Paying Workers More to Fix Their Own Mess

We cannot attract and retain the best and the brightest talent to lead and staff the A.I.G. businesses — which are now being operated principally on behalf of American taxpayers — if employees believe their compensation is subject to continued and arbitrary adjustment by the U.S. Treasury.

— Edward Liddy, chief executive, American International Group

Ah, retention pay. It has been one of the great rationales for showering money on chief executives and bankers regardless of how well they are doing their jobs. It’s just that the specific rationale keeps changing.

In the booming 1990s, companies supposedly had to pay retention bonuses because executives had so many other job opportunities. There was a war raging — a war for talent, said McKinsey & Company, the consulting firm.

Then came the aftermath of Enron, when new scrutiny and regulations apparently made some chief executives wonder if they still wanted their jobs. “I’m thinking of actually getting out,” David D’Alessandro, the head of John Hancock Financial Services, reported hearing from one fellow chief executive. The antidote to such doubts? Retention pay, obviously.

Now comes Mr. Liddy, the government-appointed chief of A.I.G., defending multimillion-dollar bonus payments for the people who run the small division that brought down the company. If the government doesn’t let them have their money, they will walk away, Mr. Liddy says, and nobody else will know how to clean up their mess.

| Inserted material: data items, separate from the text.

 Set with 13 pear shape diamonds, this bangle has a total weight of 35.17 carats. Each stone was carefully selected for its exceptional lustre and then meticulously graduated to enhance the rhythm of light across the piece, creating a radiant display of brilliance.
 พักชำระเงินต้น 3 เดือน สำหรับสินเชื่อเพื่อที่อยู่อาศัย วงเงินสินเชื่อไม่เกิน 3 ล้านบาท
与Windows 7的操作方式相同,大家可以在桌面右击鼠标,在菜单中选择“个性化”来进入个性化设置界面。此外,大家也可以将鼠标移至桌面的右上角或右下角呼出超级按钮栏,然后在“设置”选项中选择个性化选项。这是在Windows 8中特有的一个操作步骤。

We’ll get to the merits of his argument in a moment, but it’s first worth considering the damage that the current system of corporate pay has wrought. The potential windfalls were so large that executives and bankers had an incentive to create rules that would reward them no matter what. The country is now living with the consequences.

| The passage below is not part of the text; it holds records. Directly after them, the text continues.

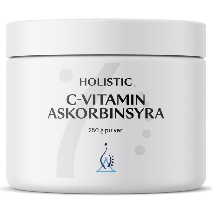 Holistic C-vitamin är ett kosttillskott i pulverform som innehåller ren askorbinsyra. Vitamin C bidrar till immunsystemets normala funktion och till att skydda cellerna mot oxidativ stress. Vitamin C bidrar även till normal kollagenbildning som har betydelse för hudens, tandköttets, benstommens och broskets normala funktion.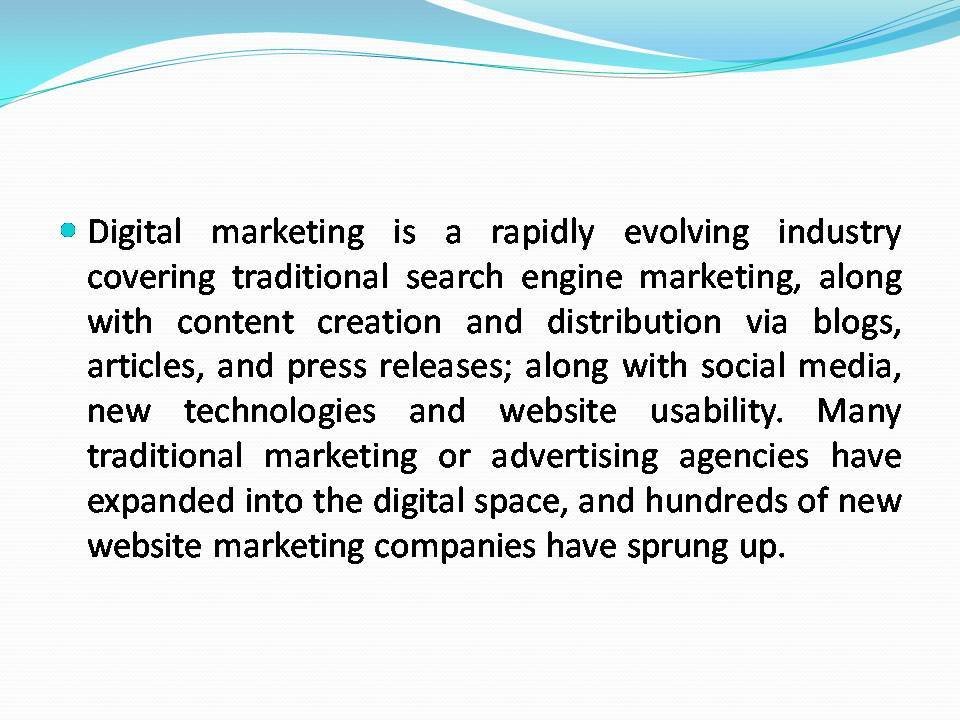 Digital marketing is a rapidly evolving industry covering traditional search engine marketing, along with content creation and distribution via blogs, articles, and press releases; along with social media, new technologies and website usability.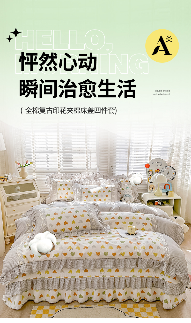 当前位置: 91家纺网 > 商品网购 > 床品套件 > 四件套 > 全棉普通四件套 > 宜凡家纺 2024新款全棉复古印花床盖四件套 甜蜜生活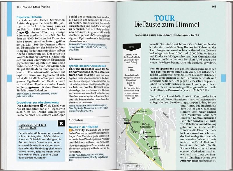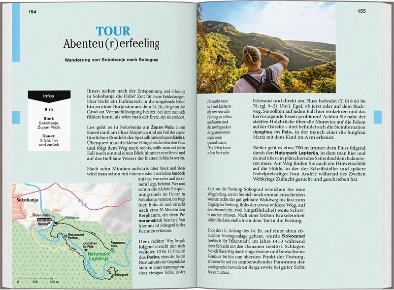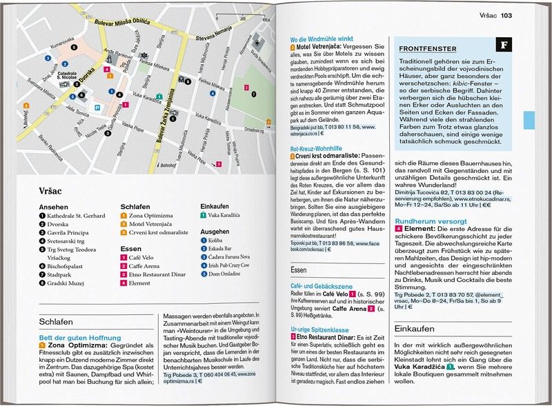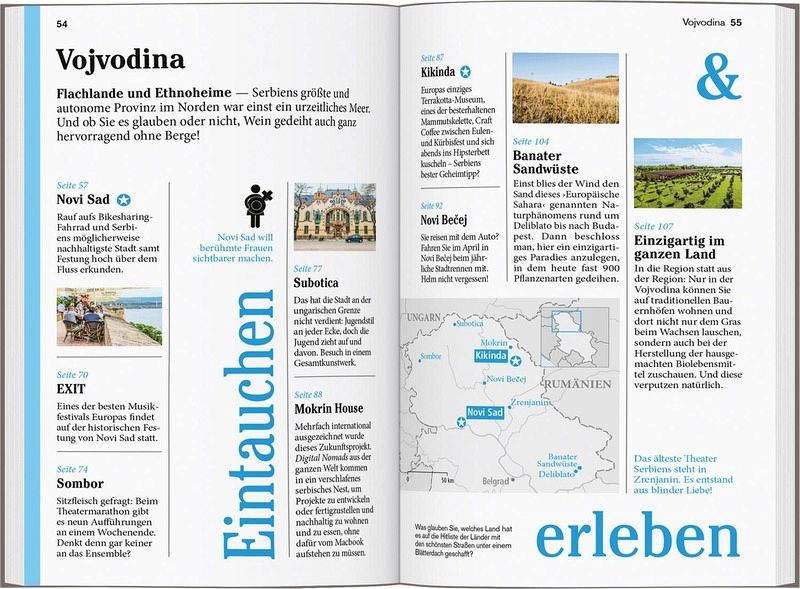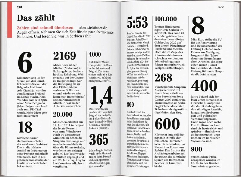 Persönlich und echt: Wir legen Wert auf ehrliche Erlebnisse, Nähe und Gegenwart Übersichtliche Gliederung in einzelne Regionen mit ihren Orten und Landschaften Lustvolle Eintauchen-und-erleben-Seiten vor jedem Kapitel Die Touren: Einfach losziehen, neue Wege gehen. Aktiv in Natur und Kultur eintauchen Die Lieblingsorte: gut für überraschende Entdeckungen Die Adressen: radikal subjektive Auswahl, mal stylish, mal ökologisch, immer individuell und persönlich Das Magazin: ein abwechslungsreiches Reisefeuilleton. Es packt auch kritische und kontroverse Themen an ... Die Karten: 8 Citypläne, 15 Tourenkarten, Übersichtskarte mit den Highlights Serbiens, Schnellüberblick zu jeder Region plus eine große Reisekarte

So any attempt to build a new financial system, one that’s less susceptible to bubble, bust and bailout, will have to include a new approach to pay. Yes, the issue is thorny. Some past attempts to rein in pay have ended up being feckless or even counterproductive. But that is no reason to give up.

Nothing highlights the fiction of performance-based pay quite so well as retention bonuses. It turns out that, at least for chief executives, retention bonuses are almost entirely unnecessary.

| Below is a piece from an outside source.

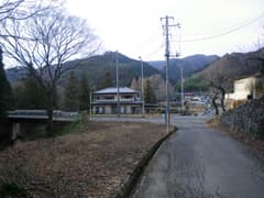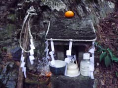 穴切川にかかる小滝を眺めながら林道を辿る。鏡餅やミカン、酒など正月のもの一式がお供えされた石祠の前を通り、程なく車を置いた穴切の集落に帰り着いた。

A few years ago, when the economy was still expanding, I looked into every large company that had changed chief executives over the previous six months. Not a single boss at any of them had left for another job. Such departures are so rare that Booz & Company’s annual study of executive turnover doesn’t even include a category for them. The benefits of the job — the pay, the perks, the gratification that comes from running a company well — are too good to leave, even for a similar job.

The situation is a little different for jobs below the top level, particularly on Wall Street. Surely, if the employees of A.I.G.’s notorious financial products division were to be denied their bonuses — a big chunk of their annual compensation — many might leave.

The nub of Mr. Liddy’s argument is that these departures would be a terrible thing. But there are several weaknesses with this argument.

The first is that the original explanation for these bonuses was rather different. When they were devised in early 2008, months before the first bailout, as Mr. Liddy’s letter to the government on Saturday explained, “A.I.G. Financial Products was expected to have a significant, ongoing role at A.I.G.” The idea, he said, was to guarantee “a minimum level of pay for both 2008 and 2009.” So the rationale for A.I.G.’s retention bonuses is as malleable as the rationale for chief executives’ bonuses.

Most amazingly, the A.I.G. bonuses haven’t even accomplished their stated goal. Andrew Cuomo, New York’s attorney general, said Tuesday that 52 employees who received bonuses had since left A.I.G.

The second problem with Mr. Liddy’s argument has to do with Mr. Liddy himself. His defenders have noted that the government brought him out of retirement to fix A.I.G. and that he presumably puts a higher priority on doing a good job than pleasing A.I.G.’s employees.

And he probably does. But he is also a product of the current, broken executive pay system. As the chairman of Allstate from 1999 to 2007, when the company’s stocks underperformed those of its rivals, he made $137 million. Almost $14 million of that, according to the Corporate Library, came in the form of stock that the company called a “a tool for retaining executive talent.” Which means Mr. Liddy may not be entirely objective about retention bonuses.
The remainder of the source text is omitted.